§ Required work:
From the entries below, return exactly the lines beginning at the one that contains "Yves Séguy, préfet" and ending at the one that contains "The view from", both of them included, and only those lines.

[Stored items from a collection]
- - -

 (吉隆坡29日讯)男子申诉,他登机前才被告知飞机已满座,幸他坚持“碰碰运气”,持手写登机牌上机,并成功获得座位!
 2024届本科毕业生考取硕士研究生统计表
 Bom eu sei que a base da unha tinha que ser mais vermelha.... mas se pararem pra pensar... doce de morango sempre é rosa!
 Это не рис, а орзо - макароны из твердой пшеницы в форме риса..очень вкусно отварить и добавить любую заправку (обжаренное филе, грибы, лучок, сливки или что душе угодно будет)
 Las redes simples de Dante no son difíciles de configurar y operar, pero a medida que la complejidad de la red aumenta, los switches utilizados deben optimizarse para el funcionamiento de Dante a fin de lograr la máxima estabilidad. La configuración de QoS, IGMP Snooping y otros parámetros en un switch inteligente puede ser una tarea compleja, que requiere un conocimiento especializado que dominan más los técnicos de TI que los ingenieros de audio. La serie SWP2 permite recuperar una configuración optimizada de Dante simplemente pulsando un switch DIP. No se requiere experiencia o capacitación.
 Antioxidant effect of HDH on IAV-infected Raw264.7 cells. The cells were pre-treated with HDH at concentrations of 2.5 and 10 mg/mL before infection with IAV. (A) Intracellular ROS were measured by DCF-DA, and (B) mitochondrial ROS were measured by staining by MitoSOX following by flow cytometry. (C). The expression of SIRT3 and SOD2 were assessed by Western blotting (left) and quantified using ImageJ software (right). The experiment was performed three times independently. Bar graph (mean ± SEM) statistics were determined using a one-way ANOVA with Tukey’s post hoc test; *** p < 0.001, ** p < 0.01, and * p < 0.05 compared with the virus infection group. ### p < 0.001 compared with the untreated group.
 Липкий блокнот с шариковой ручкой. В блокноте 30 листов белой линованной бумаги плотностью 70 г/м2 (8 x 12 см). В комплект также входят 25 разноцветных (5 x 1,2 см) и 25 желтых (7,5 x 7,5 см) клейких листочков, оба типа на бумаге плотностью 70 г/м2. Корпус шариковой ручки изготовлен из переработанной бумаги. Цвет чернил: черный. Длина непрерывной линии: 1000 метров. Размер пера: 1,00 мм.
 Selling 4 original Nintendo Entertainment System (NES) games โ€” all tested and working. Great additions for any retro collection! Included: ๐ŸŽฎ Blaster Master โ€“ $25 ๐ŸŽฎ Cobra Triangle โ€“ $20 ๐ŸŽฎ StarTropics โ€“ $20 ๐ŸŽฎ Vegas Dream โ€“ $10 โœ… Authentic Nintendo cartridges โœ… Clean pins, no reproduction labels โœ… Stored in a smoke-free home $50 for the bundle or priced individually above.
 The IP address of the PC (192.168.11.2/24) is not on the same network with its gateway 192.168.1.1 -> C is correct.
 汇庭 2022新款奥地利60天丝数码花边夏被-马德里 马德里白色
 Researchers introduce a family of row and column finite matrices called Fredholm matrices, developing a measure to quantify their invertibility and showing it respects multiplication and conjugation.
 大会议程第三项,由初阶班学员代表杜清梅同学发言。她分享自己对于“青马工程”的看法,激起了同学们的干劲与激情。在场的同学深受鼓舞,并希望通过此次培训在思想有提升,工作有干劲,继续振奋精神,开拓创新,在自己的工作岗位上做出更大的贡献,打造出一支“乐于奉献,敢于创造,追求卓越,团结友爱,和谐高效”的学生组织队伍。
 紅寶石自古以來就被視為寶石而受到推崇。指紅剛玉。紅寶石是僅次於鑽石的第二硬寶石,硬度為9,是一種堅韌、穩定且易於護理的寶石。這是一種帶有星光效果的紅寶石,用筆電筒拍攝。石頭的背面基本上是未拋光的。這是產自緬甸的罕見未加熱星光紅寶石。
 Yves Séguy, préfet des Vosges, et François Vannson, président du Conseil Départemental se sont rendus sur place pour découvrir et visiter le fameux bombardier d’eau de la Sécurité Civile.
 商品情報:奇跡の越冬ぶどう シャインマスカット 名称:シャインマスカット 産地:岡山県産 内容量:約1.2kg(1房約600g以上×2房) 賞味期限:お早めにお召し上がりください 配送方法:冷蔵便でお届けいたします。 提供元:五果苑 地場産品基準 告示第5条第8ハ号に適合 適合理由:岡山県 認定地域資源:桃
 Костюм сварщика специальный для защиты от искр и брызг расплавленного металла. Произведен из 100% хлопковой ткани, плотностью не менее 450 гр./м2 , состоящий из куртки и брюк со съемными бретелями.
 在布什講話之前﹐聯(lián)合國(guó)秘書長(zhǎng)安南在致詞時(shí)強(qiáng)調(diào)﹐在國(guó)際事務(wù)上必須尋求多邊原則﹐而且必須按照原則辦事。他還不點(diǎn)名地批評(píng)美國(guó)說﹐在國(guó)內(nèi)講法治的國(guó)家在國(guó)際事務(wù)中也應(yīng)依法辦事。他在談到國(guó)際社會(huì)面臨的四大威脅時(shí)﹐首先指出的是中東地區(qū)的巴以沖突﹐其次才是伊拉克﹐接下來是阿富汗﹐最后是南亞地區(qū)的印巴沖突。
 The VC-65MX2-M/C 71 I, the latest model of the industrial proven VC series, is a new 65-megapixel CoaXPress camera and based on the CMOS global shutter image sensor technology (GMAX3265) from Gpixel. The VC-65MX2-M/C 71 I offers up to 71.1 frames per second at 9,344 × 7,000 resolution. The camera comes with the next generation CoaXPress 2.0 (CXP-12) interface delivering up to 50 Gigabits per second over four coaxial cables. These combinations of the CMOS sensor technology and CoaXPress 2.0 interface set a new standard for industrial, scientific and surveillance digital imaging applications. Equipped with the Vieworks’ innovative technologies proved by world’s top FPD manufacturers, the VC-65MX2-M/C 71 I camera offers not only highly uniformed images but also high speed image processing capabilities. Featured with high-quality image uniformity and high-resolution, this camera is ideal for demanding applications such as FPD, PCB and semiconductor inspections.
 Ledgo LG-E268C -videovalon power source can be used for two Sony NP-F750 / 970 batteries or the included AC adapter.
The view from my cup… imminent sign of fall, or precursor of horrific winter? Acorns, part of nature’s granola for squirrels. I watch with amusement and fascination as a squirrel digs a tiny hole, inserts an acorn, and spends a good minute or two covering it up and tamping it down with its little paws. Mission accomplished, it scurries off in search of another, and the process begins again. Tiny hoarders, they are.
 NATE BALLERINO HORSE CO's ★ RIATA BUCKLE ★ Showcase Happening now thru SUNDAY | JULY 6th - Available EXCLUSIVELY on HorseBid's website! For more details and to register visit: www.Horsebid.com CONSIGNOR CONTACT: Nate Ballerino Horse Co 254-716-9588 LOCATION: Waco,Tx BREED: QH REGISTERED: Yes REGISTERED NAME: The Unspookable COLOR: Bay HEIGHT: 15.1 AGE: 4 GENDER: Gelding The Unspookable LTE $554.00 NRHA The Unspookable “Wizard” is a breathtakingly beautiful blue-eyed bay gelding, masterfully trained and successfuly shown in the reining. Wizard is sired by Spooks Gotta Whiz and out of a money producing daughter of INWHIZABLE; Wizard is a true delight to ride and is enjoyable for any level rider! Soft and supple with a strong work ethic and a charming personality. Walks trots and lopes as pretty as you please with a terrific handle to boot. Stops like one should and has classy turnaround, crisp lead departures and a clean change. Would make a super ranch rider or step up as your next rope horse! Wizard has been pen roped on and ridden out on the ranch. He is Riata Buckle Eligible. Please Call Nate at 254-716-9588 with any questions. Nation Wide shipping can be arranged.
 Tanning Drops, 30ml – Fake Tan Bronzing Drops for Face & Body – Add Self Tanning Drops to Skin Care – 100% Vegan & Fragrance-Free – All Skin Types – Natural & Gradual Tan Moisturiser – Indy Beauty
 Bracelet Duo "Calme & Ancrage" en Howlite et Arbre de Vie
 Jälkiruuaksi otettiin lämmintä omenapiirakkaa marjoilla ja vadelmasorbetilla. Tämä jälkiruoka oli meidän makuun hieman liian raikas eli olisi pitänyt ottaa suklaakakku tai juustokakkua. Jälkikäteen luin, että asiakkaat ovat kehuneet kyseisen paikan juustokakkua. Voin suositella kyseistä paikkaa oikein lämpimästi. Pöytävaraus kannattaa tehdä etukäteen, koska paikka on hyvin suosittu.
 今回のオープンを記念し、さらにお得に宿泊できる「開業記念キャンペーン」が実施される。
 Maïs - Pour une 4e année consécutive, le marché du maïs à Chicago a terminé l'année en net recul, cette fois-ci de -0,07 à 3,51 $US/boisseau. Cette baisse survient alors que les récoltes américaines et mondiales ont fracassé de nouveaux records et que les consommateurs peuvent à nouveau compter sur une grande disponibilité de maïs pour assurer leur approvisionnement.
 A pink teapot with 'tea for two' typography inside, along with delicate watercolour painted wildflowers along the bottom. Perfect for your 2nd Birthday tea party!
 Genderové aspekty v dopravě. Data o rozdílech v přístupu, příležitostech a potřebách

- - -

§ Answer section:
 Yves Séguy, préfet des Vosges, et François Vannson, président du Conseil Départemental se sont rendus sur place pour découvrir et visiter le fameux bombardier d’eau de la Sécurité Civile.
 商品情報:奇跡の越冬ぶどう シャインマスカット 名称:シャインマスカット 産地:岡山県産 内容量:約1.2kg(1房約600g以上×2房) 賞味期限:お早めにお召し上がりください 配送方法:冷蔵便でお届けいたします。 提供元:五果苑 地場産品基準 告示第5条第8ハ号に適合 適合理由:岡山県 認定地域資源:桃
 Костюм сварщика специальный для защиты от искр и брызг расплавленного металла. Произведен из 100% хлопковой ткани, плотностью не менее 450 гр./м2 , состоящий из куртки и брюк со съемными бретелями.
 在布什講話之前﹐聯(lián)合國(guó)秘書長(zhǎng)安南在致詞時(shí)強(qiáng)調(diào)﹐在國(guó)際事務(wù)上必須尋求多邊原則﹐而且必須按照原則辦事。他還不點(diǎn)名地批評(píng)美國(guó)說﹐在國(guó)內(nèi)講法治的國(guó)家在國(guó)際事務(wù)中也應(yīng)依法辦事。他在談到國(guó)際社會(huì)面臨的四大威脅時(shí)﹐首先指出的是中東地區(qū)的巴以沖突﹐其次才是伊拉克﹐接下來是阿富汗﹐最后是南亞地區(qū)的印巴沖突。
 The VC-65MX2-M/C 71 I, the latest model of the industrial proven VC series, is a new 65-megapixel CoaXPress camera and based on the CMOS global shutter image sensor technology (GMAX3265) from Gpixel. The VC-65MX2-M/C 71 I offers up to 71.1 frames per second at 9,344 × 7,000 resolution. The camera comes with the next generation CoaXPress 2.0 (CXP-12) interface delivering up to 50 Gigabits per second over four coaxial cables. These combinations of the CMOS sensor technology and CoaXPress 2.0 interface set a new standard for industrial, scientific and surveillance digital imaging applications. Equipped with the Vieworks’ innovative technologies proved by world’s top FPD manufacturers, the VC-65MX2-M/C 71 I camera offers not only highly uniformed images but also high speed image processing capabilities. Featured with high-quality image uniformity and high-resolution, this camera is ideal for demanding applications such as FPD, PCB and semiconductor inspections.
 Ledgo LG-E268C -videovalon power source can be used for two Sony NP-F750 / 970 batteries or the included AC adapter.
The view from my cup… imminent sign of fall, or precursor of horrific winter? Acorns, part of nature’s granola for squirrels. I watch with amusement and fascination as a squirrel digs a tiny hole, inserts an acorn, and spends a good minute or two covering it up and tamping it down with its little paws. Mission accomplished, it scurries off in search of another, and the process begins again. Tiny hoarders, they are.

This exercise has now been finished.